Source material
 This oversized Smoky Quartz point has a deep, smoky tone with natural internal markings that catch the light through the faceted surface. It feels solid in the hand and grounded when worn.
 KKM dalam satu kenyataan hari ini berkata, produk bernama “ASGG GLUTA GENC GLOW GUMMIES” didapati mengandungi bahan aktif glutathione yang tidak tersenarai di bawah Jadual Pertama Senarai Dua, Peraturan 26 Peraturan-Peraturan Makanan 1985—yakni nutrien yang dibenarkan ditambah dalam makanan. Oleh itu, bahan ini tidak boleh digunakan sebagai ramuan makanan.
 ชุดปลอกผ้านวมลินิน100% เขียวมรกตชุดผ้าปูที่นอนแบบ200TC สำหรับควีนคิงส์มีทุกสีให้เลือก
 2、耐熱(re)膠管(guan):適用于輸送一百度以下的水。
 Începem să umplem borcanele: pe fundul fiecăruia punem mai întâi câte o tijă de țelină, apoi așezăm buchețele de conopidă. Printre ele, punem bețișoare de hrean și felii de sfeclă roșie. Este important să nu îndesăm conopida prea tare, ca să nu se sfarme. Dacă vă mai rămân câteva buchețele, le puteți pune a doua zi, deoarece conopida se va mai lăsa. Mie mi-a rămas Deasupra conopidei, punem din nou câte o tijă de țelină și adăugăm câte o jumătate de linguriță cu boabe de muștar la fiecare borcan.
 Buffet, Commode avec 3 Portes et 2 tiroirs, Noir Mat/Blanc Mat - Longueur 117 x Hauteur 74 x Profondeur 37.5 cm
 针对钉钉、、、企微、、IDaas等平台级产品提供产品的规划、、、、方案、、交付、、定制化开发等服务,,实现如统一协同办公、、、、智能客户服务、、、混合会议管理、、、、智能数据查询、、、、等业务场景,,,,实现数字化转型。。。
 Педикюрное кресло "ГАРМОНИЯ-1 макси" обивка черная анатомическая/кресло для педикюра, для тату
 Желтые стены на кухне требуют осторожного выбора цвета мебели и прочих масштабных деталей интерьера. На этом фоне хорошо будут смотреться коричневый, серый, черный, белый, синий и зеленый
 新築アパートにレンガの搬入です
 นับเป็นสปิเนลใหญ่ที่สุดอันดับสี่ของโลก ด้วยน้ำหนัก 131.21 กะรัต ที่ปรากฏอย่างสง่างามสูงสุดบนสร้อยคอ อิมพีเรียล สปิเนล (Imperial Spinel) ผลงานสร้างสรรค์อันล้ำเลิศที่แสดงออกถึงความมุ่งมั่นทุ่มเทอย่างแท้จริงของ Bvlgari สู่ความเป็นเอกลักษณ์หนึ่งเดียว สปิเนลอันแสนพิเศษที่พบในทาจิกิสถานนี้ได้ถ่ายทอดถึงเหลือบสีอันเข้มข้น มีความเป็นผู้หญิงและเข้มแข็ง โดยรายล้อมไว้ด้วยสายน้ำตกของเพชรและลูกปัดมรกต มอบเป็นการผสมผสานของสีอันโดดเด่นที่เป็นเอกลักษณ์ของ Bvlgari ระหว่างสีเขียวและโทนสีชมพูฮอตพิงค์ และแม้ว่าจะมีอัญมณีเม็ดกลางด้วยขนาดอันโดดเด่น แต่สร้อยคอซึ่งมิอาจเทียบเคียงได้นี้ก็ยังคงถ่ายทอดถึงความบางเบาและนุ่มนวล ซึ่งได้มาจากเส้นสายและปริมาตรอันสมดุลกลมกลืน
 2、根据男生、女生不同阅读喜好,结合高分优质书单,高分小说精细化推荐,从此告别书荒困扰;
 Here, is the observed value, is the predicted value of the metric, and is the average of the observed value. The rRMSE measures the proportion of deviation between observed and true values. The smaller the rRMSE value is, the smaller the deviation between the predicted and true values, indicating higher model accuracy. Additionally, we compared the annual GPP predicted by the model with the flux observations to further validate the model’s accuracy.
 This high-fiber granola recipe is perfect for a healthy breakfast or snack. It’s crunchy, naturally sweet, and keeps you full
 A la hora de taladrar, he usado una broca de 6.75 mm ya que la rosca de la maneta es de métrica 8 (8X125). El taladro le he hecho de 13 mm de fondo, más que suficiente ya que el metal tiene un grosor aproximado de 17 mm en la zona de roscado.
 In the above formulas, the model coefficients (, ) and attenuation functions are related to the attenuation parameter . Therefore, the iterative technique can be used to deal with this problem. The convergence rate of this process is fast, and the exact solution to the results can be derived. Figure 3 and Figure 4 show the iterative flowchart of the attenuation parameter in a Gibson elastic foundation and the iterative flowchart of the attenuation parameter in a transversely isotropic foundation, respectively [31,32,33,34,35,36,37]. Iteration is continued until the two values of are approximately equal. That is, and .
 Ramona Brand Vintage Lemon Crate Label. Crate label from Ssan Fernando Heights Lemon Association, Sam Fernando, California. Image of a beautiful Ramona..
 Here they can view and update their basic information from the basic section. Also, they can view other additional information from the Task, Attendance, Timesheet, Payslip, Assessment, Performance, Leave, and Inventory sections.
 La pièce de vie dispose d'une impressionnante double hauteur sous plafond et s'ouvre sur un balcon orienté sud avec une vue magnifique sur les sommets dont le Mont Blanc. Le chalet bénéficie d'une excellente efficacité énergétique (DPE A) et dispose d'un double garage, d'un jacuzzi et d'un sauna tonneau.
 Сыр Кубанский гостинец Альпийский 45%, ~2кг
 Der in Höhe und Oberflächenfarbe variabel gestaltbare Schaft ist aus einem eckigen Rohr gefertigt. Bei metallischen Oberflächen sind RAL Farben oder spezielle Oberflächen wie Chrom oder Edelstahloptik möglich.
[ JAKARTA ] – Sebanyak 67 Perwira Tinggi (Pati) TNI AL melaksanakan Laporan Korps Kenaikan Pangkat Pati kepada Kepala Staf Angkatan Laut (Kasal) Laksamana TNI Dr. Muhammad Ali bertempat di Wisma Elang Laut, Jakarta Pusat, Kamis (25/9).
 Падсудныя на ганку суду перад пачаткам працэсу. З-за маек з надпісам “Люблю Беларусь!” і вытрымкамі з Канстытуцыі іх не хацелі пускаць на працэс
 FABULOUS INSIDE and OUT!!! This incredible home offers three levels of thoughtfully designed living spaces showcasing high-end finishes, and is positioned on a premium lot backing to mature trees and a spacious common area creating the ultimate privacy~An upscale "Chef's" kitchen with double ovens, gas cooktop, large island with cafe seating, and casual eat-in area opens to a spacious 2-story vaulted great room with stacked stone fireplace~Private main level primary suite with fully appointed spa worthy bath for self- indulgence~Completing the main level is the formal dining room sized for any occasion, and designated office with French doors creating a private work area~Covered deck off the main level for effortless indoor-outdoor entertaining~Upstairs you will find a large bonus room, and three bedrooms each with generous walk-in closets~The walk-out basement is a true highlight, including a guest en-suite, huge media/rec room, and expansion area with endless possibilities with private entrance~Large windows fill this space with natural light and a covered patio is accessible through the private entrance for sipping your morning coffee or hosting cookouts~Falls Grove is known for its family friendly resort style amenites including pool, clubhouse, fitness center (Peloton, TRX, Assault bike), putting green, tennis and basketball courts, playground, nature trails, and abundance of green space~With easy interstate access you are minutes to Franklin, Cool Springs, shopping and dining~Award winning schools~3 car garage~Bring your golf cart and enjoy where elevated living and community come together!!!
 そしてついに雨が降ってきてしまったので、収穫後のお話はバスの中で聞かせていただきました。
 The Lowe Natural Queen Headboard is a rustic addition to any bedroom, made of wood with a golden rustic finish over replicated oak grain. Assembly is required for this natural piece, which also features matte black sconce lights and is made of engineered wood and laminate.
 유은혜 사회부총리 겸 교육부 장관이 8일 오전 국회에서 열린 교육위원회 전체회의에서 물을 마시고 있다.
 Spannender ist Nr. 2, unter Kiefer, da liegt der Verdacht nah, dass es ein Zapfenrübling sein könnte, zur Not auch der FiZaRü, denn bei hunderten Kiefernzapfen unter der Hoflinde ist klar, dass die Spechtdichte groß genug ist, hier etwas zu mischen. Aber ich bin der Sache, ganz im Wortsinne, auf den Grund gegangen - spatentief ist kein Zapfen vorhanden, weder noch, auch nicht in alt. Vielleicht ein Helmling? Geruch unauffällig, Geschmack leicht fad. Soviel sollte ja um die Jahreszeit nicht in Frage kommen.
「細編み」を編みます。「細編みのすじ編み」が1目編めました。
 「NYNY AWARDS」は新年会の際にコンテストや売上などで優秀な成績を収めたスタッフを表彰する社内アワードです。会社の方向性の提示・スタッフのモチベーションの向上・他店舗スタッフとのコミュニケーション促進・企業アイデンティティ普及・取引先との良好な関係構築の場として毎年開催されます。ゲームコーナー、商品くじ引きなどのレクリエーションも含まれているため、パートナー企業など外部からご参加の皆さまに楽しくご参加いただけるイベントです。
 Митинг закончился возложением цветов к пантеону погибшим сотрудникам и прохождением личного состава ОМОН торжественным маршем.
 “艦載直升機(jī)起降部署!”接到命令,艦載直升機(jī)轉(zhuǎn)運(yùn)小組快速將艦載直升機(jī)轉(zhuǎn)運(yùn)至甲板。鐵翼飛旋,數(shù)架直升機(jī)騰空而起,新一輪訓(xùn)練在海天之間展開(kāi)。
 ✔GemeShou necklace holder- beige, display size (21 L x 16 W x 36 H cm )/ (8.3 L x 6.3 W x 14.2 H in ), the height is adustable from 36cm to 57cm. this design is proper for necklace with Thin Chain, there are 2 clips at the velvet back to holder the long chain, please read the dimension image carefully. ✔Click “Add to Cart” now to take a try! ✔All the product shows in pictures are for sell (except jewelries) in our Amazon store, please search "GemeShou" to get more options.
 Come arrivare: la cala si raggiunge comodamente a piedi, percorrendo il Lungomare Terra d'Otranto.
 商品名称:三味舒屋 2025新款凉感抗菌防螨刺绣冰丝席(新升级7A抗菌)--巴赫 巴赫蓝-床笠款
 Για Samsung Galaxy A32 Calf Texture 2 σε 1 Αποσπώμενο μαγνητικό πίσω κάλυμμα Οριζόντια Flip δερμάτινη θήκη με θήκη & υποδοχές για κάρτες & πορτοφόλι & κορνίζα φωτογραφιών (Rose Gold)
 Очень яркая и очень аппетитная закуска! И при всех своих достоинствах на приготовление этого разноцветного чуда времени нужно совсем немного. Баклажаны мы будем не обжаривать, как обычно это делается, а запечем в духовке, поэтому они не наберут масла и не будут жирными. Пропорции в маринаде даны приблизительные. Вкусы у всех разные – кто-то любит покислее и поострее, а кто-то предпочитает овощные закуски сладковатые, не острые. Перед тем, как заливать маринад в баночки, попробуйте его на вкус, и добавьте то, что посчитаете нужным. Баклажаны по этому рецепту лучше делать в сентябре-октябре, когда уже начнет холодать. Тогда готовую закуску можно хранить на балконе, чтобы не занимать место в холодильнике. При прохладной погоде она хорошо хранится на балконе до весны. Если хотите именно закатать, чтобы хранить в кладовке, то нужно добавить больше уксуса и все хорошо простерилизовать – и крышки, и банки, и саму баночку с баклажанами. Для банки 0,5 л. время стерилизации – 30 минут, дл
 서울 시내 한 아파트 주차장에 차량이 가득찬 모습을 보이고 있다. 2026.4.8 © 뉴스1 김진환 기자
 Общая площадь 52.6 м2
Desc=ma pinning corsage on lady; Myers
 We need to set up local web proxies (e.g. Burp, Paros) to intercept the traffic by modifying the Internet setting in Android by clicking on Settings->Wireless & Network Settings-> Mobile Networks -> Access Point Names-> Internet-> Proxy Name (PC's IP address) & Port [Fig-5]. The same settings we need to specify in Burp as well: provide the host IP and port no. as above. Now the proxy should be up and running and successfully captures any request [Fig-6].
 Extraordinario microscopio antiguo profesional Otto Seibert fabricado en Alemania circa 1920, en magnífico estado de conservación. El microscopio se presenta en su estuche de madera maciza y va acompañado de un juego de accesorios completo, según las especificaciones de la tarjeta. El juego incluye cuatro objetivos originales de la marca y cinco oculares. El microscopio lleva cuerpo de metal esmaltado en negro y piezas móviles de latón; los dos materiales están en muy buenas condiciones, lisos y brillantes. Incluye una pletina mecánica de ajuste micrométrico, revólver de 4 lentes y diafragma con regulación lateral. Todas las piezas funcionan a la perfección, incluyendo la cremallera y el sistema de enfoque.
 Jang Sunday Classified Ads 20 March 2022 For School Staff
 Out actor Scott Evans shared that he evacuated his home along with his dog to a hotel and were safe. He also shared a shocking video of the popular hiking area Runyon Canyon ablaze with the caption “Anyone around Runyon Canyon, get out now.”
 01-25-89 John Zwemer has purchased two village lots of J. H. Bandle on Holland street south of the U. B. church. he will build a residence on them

What the task requires
Find all lines in the records that hold the word "хорошо". Copy them.

Expected answer
 Желтые стены на кухне требуют осторожного выбора цвета мебели и прочих масштабных деталей интерьера. На этом фоне хорошо будут смотреться коричневый, серый, черный, белый, синий и зеленый
 Очень яркая и очень аппетитная закуска! И при всех своих достоинствах на приготовление этого разноцветного чуда времени нужно совсем немного. Баклажаны мы будем не обжаривать, как обычно это делается, а запечем в духовке, поэтому они не наберут масла и не будут жирными. Пропорции в маринаде даны приблизительные. Вкусы у всех разные – кто-то любит покислее и поострее, а кто-то предпочитает овощные закуски сладковатые, не острые. Перед тем, как заливать маринад в баночки, попробуйте его на вкус, и добавьте то, что посчитаете нужным. Баклажаны по этому рецепту лучше делать в сентябре-октябре, когда уже начнет холодать. Тогда готовую закуску можно хранить на балконе, чтобы не занимать место в холодильнике. При прохладной погоде она хорошо хранится на балконе до весны. Если хотите именно закатать, чтобы хранить в кладовке, то нужно добавить больше уксуса и все хорошо простерилизовать – и крышки, и банки, и саму баночку с баклажанами. Для банки 0,5 л. время стерилизации – 30 минут, дл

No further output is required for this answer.